Information supplied Block Start

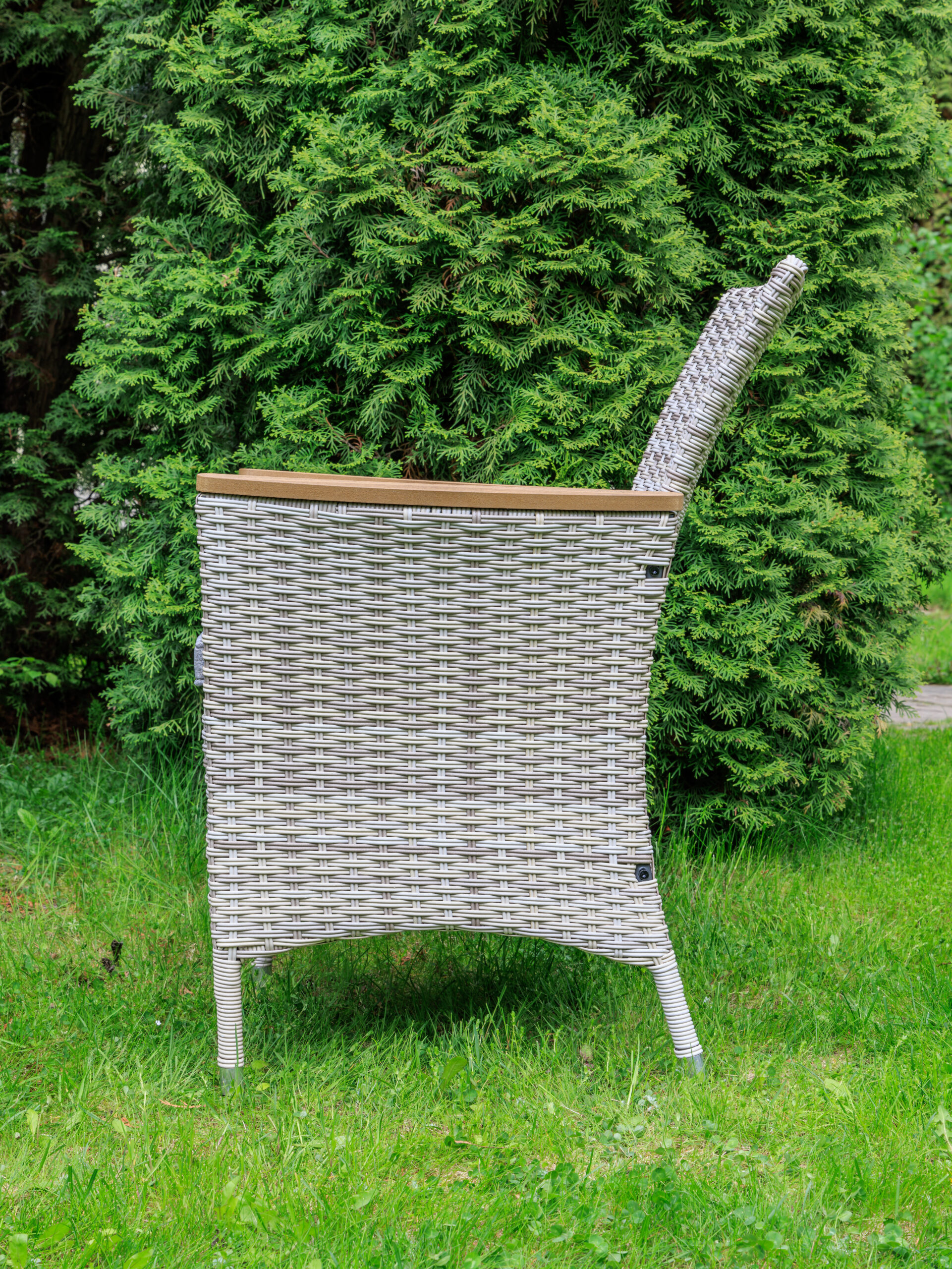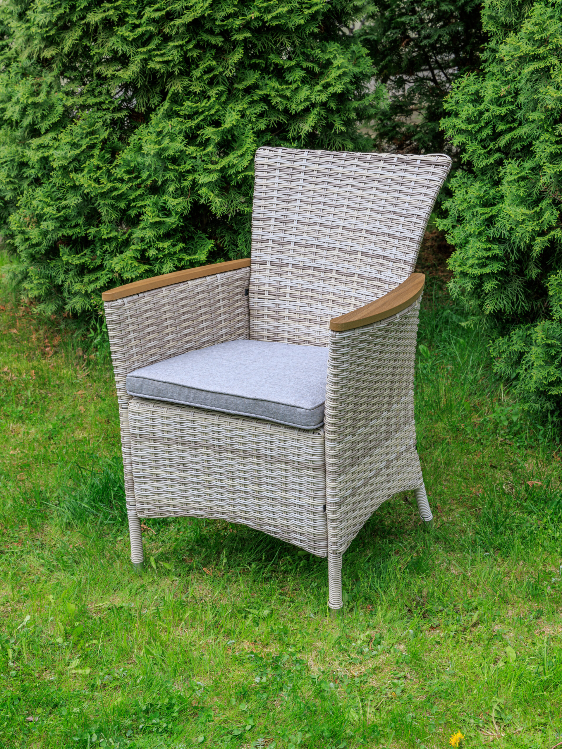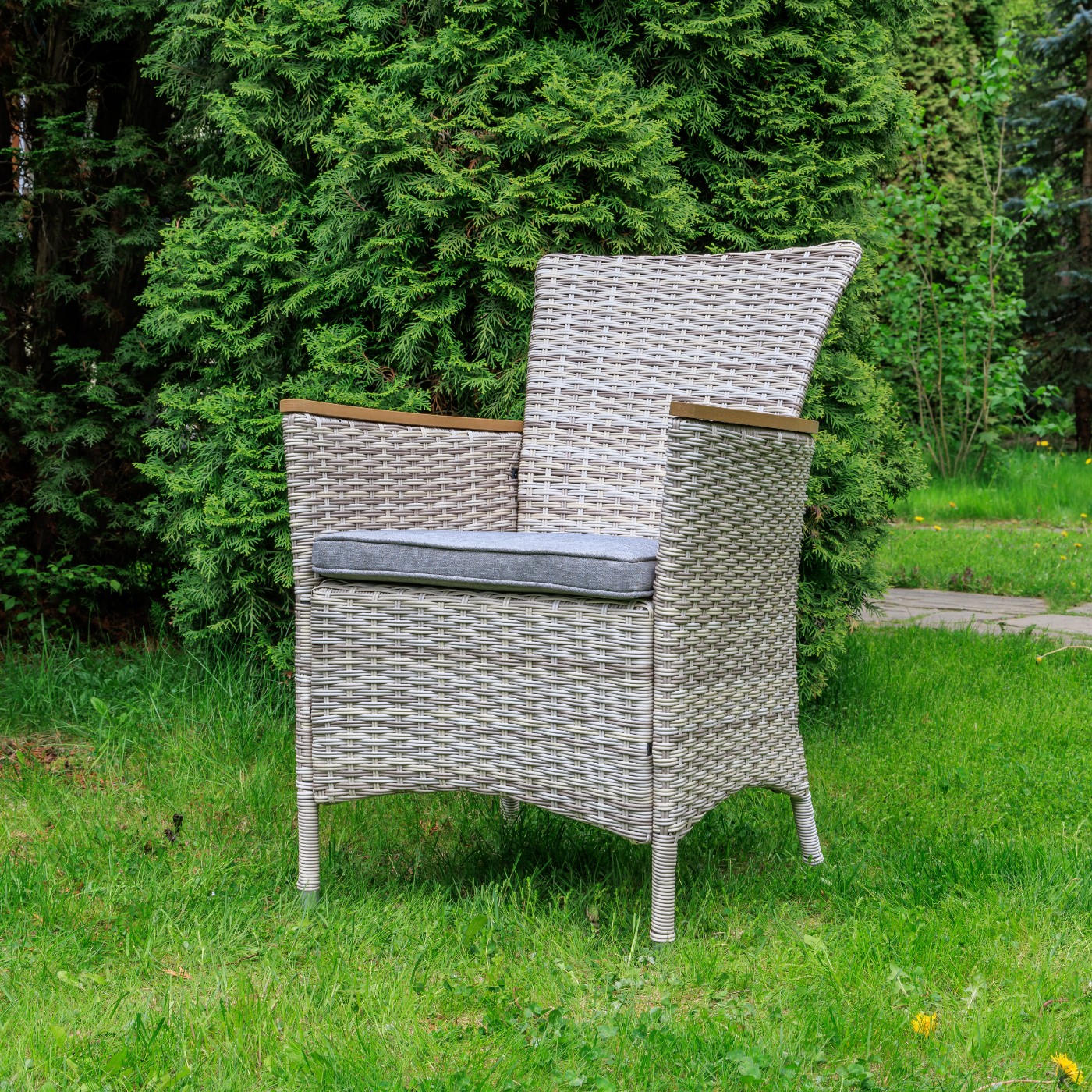 Комплектация и габариты: Кресло - 60х59х87 см Подушка для сиденья - 47х7х44 см Материалы: Материал комплекта - искусственный ротанг (ручного плетения) Материал каркаса – сталь, окрашенная порошковым методом Материал чехла на подушки - олефин (водоотталкивающая ткань) Материал наполнителя подушек для сидения - поролон Цвет - Бежевый Цвет подушек - Бежевый Дополнительная информация: Количество посадочных мест – 1 человек Максимальная нагрузка на посадочное место - 150 кг Чехлы съемные - да Температурный режим - от -50?C до +50?C Сочетается с комплектами бренда ROYAL FAMILY в бежевом цвете Накладки на ножки - да (пластиковые) Категория ротанга - первичная Держатели и крепления подушек зависят от поставки и не являются неотъемлемой частью кресла Гарантия и эксплуатация: Гарантийный срок - 1 год Эксплуатационный срок - 10 лет Страна производитель - КитайХарактеристики
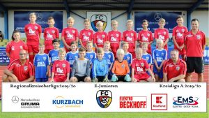 Vordere Reihe von links: Volker (Trainer E2), Ilian, Charlie, Pepe, Leon S., Luca, Manuel W. (Trainer E1)
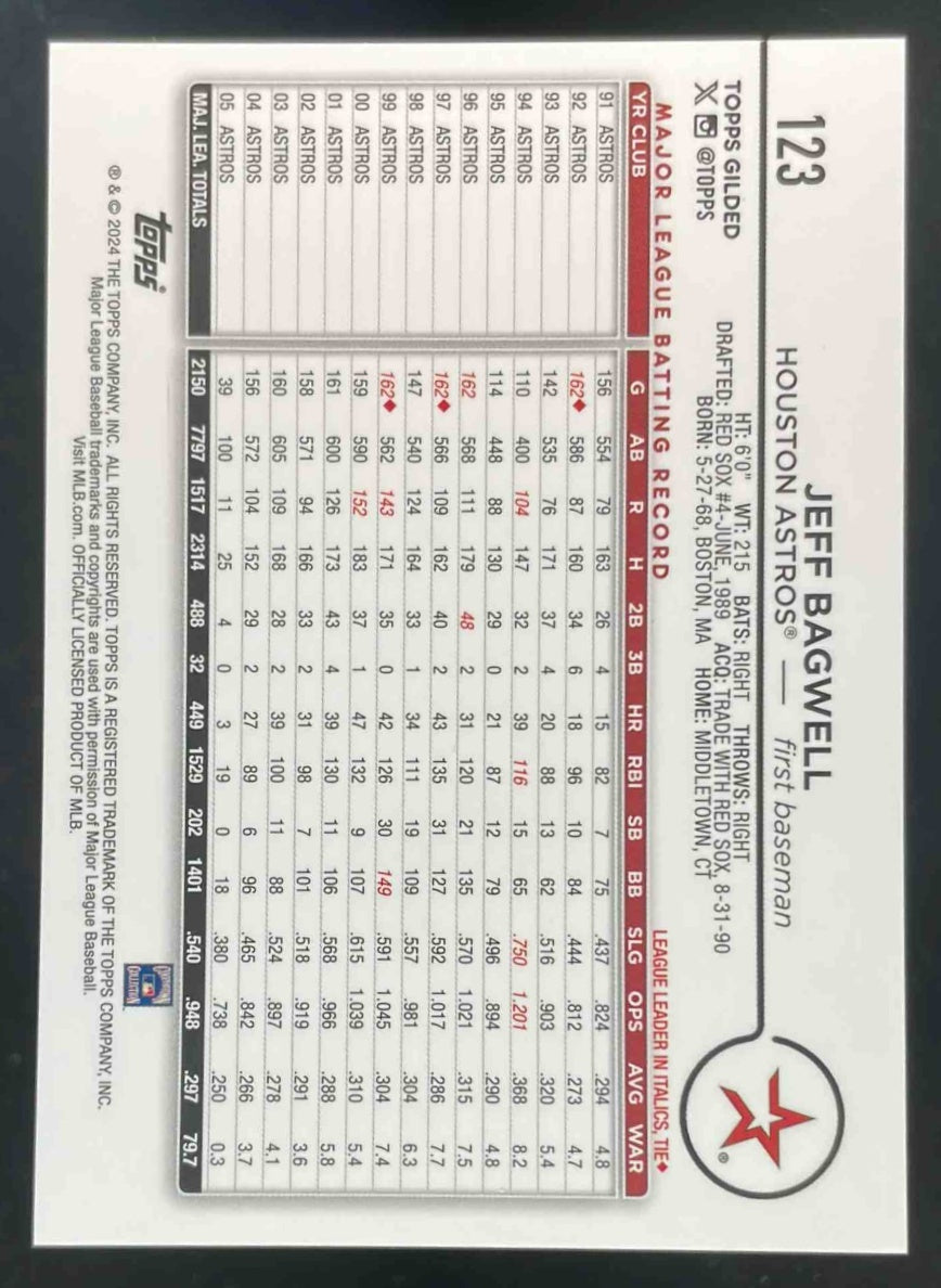 2024 Topps Gilded Collection Gold Lava Refractor #123 Jeff Bagwell /10

Information supplied Block End

◆ What to do: Here the lines from the one containing "Vordere Reihe von" through the end of the material are to be copied exactly, with the pictures omitted.

◆ Response to the exercise:
 Vordere Reihe von links: Volker (Trainer E2), Ilian, Charlie, Pepe, Leon S., Luca, Manuel W. (Trainer E1)
 2024 Topps Gilded Collection Gold Lava Refractor #123 Jeff Bagwell /10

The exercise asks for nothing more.